Start of Record excerpts

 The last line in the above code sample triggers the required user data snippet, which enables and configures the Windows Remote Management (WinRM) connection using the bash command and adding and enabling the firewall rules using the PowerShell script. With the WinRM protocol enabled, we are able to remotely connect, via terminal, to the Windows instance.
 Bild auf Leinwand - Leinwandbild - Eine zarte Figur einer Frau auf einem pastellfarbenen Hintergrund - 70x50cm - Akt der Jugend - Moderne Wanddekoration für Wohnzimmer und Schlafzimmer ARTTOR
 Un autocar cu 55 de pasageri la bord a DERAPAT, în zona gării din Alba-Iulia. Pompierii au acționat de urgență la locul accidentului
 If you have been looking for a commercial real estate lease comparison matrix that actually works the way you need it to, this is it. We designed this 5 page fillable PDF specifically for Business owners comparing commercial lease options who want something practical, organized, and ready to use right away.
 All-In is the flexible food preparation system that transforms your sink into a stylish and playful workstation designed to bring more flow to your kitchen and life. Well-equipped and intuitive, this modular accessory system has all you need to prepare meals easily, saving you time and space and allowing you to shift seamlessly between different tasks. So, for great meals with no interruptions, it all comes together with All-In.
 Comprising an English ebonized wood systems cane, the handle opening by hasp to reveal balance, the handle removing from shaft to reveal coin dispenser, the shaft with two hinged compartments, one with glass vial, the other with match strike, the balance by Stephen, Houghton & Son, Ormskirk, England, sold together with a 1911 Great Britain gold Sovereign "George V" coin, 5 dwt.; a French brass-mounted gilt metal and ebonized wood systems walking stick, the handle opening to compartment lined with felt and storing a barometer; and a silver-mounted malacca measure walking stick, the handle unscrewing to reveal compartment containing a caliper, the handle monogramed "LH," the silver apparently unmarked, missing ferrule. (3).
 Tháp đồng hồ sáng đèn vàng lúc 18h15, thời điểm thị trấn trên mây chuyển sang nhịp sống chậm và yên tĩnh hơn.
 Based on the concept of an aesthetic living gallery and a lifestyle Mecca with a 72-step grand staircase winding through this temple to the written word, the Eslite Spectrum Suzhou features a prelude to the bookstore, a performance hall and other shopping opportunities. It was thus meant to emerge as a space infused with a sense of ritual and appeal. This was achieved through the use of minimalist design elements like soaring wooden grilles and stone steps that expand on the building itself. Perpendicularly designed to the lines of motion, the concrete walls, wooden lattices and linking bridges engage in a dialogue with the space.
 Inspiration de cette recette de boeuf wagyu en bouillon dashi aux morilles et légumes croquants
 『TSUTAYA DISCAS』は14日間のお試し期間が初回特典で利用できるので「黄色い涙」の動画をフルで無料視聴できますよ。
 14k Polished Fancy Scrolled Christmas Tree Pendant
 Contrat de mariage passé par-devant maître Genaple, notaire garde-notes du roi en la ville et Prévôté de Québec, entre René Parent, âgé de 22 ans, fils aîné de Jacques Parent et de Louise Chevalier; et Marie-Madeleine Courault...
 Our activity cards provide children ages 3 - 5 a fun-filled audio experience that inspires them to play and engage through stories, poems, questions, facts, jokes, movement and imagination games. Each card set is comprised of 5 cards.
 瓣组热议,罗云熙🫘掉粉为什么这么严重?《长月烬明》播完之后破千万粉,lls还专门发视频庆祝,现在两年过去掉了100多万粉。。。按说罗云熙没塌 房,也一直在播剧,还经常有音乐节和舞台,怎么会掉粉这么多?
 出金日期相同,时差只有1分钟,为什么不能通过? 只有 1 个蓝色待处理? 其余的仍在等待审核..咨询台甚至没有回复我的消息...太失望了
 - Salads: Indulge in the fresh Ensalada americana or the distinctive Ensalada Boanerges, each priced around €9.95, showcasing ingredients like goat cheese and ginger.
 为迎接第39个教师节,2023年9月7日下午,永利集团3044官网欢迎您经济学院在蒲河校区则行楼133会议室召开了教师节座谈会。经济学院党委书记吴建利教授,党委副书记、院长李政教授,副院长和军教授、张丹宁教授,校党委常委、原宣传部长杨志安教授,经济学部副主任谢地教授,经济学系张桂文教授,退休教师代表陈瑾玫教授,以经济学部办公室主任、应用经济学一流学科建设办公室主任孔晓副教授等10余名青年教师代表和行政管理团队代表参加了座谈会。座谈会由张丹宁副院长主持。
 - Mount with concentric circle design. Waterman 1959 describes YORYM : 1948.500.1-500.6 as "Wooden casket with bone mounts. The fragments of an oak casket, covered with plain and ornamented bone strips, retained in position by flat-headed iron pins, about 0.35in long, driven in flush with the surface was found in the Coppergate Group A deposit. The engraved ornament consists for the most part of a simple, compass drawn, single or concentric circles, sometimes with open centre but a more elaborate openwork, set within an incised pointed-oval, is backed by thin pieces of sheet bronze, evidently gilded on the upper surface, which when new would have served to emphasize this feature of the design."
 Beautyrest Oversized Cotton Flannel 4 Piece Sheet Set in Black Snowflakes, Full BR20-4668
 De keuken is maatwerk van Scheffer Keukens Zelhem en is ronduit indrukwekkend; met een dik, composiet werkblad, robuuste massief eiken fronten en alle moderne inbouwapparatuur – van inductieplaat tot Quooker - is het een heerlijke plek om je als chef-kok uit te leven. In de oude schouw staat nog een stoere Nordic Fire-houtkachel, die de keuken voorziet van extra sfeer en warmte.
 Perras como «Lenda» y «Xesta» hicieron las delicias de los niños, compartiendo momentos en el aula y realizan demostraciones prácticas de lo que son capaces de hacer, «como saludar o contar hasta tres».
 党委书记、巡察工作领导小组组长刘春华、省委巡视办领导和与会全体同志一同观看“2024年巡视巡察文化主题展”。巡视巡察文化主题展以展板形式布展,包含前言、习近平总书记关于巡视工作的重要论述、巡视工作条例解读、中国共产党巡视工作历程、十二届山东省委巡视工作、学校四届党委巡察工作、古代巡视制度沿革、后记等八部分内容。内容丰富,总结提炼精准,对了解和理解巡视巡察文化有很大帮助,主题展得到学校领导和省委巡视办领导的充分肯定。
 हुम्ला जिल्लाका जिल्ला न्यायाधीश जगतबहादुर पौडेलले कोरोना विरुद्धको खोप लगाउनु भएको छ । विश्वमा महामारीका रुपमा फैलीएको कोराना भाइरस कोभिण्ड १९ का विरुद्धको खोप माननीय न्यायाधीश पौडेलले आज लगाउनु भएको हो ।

End of Record excerpts

Activity
Copy out the data above, word for word.

Written reply
 The last line in the above code sample triggers the required user data snippet, which enables and configures the Windows Remote Management (WinRM) connection using the bash command and adding and enabling the firewall rules using the PowerShell script. With the WinRM protocol enabled, we are able to remotely connect, via terminal, to the Windows instance.
 Bild auf Leinwand - Leinwandbild - Eine zarte Figur einer Frau auf einem pastellfarbenen Hintergrund - 70x50cm - Akt der Jugend - Moderne Wanddekoration für Wohnzimmer und Schlafzimmer ARTTOR
 Un autocar cu 55 de pasageri la bord a DERAPAT, în zona gării din Alba-Iulia. Pompierii au acționat de urgență la locul accidentului
 If you have been looking for a commercial real estate lease comparison matrix that actually works the way you need it to, this is it. We designed this 5 page fillable PDF specifically for Business owners comparing commercial lease options who want something practical, organized, and ready to use right away.
 All-In is the flexible food preparation system that transforms your sink into a stylish and playful workstation designed to bring more flow to your kitchen and life. Well-equipped and intuitive, this modular accessory system has all you need to prepare meals easily, saving you time and space and allowing you to shift seamlessly between different tasks. So, for great meals with no interruptions, it all comes together with All-In.
 Comprising an English ebonized wood systems cane, the handle opening by hasp to reveal balance, the handle removing from shaft to reveal coin dispenser, the shaft with two hinged compartments, one with glass vial, the other with match strike, the balance by Stephen, Houghton & Son, Ormskirk, England, sold together with a 1911 Great Britain gold Sovereign "George V" coin, 5 dwt.; a French brass-mounted gilt metal and ebonized wood systems walking stick, the handle opening to compartment lined with felt and storing a barometer; and a silver-mounted malacca measure walking stick, the handle unscrewing to reveal compartment containing a caliper, the handle monogramed "LH," the silver apparently unmarked, missing ferrule. (3).
 Tháp đồng hồ sáng đèn vàng lúc 18h15, thời điểm thị trấn trên mây chuyển sang nhịp sống chậm và yên tĩnh hơn.
 Based on the concept of an aesthetic living gallery and a lifestyle Mecca with a 72-step grand staircase winding through this temple to the written word, the Eslite Spectrum Suzhou features a prelude to the bookstore, a performance hall and other shopping opportunities. It was thus meant to emerge as a space infused with a sense of ritual and appeal. This was achieved through the use of minimalist design elements like soaring wooden grilles and stone steps that expand on the building itself. Perpendicularly designed to the lines of motion, the concrete walls, wooden lattices and linking bridges engage in a dialogue with the space.
 Inspiration de cette recette de boeuf wagyu en bouillon dashi aux morilles et légumes croquants
 『TSUTAYA DISCAS』は14日間のお試し期間が初回特典で利用できるので「黄色い涙」の動画をフルで無料視聴できますよ。
 14k Polished Fancy Scrolled Christmas Tree Pendant
 Contrat de mariage passé par-devant maître Genaple, notaire garde-notes du roi en la ville et Prévôté de Québec, entre René Parent, âgé de 22 ans, fils aîné de Jacques Parent et de Louise Chevalier; et Marie-Madeleine Courault...
 Our activity cards provide children ages 3 - 5 a fun-filled audio experience that inspires them to play and engage through stories, poems, questions, facts, jokes, movement and imagination games. Each card set is comprised of 5 cards.
 瓣组热议,罗云熙🫘掉粉为什么这么严重?《长月烬明》播完之后破千万粉,lls还专门发视频庆祝,现在两年过去掉了100多万粉。。。按说罗云熙没塌 房,也一直在播剧,还经常有音乐节和舞台,怎么会掉粉这么多?
 出金日期相同,时差只有1分钟,为什么不能通过? 只有 1 个蓝色待处理? 其余的仍在等待审核..咨询台甚至没有回复我的消息...太失望了
 - Salads: Indulge in the fresh Ensalada americana or the distinctive Ensalada Boanerges, each priced around €9.95, showcasing ingredients like goat cheese and ginger.
 为迎接第39个教师节,2023年9月7日下午,永利集团3044官网欢迎您经济学院在蒲河校区则行楼133会议室召开了教师节座谈会。经济学院党委书记吴建利教授,党委副书记、院长李政教授,副院长和军教授、张丹宁教授,校党委常委、原宣传部长杨志安教授,经济学部副主任谢地教授,经济学系张桂文教授,退休教师代表陈瑾玫教授,以经济学部办公室主任、应用经济学一流学科建设办公室主任孔晓副教授等10余名青年教师代表和行政管理团队代表参加了座谈会。座谈会由张丹宁副院长主持。
 - Mount with concentric circle design. Waterman 1959 describes YORYM : 1948.500.1-500.6 as "Wooden casket with bone mounts. The fragments of an oak casket, covered with plain and ornamented bone strips, retained in position by flat-headed iron pins, about 0.35in long, driven in flush with the surface was found in the Coppergate Group A deposit. The engraved ornament consists for the most part of a simple, compass drawn, single or concentric circles, sometimes with open centre but a more elaborate openwork, set within an incised pointed-oval, is backed by thin pieces of sheet bronze, evidently gilded on the upper surface, which when new would have served to emphasize this feature of the design."
 Beautyrest Oversized Cotton Flannel 4 Piece Sheet Set in Black Snowflakes, Full BR20-4668
 De keuken is maatwerk van Scheffer Keukens Zelhem en is ronduit indrukwekkend; met een dik, composiet werkblad, robuuste massief eiken fronten en alle moderne inbouwapparatuur – van inductieplaat tot Quooker - is het een heerlijke plek om je als chef-kok uit te leven. In de oude schouw staat nog een stoere Nordic Fire-houtkachel, die de keuken voorziet van extra sfeer en warmte.
 Perras como «Lenda» y «Xesta» hicieron las delicias de los niños, compartiendo momentos en el aula y realizan demostraciones prácticas de lo que son capaces de hacer, «como saludar o contar hasta tres».
 党委书记、巡察工作领导小组组长刘春华、省委巡视办领导和与会全体同志一同观看“2024年巡视巡察文化主题展”。巡视巡察文化主题展以展板形式布展,包含前言、习近平总书记关于巡视工作的重要论述、巡视工作条例解读、中国共产党巡视工作历程、十二届山东省委巡视工作、学校四届党委巡察工作、古代巡视制度沿革、后记等八部分内容。内容丰富,总结提炼精准,对了解和理解巡视巡察文化有很大帮助,主题展得到学校领导和省委巡视办领导的充分肯定。
 हुम्ला जिल्लाका जिल्ला न्यायाधीश जगतबहादुर पौडेलले कोरोना विरुद्धको खोप लगाउनु भएको छ । विश्वमा महामारीका रुपमा फैलीएको कोराना भाइरस कोभिण्ड १९ का विरुद्धको खोप माननीय न्यायाधीश पौडेलले आज लगाउनु भएको हो ।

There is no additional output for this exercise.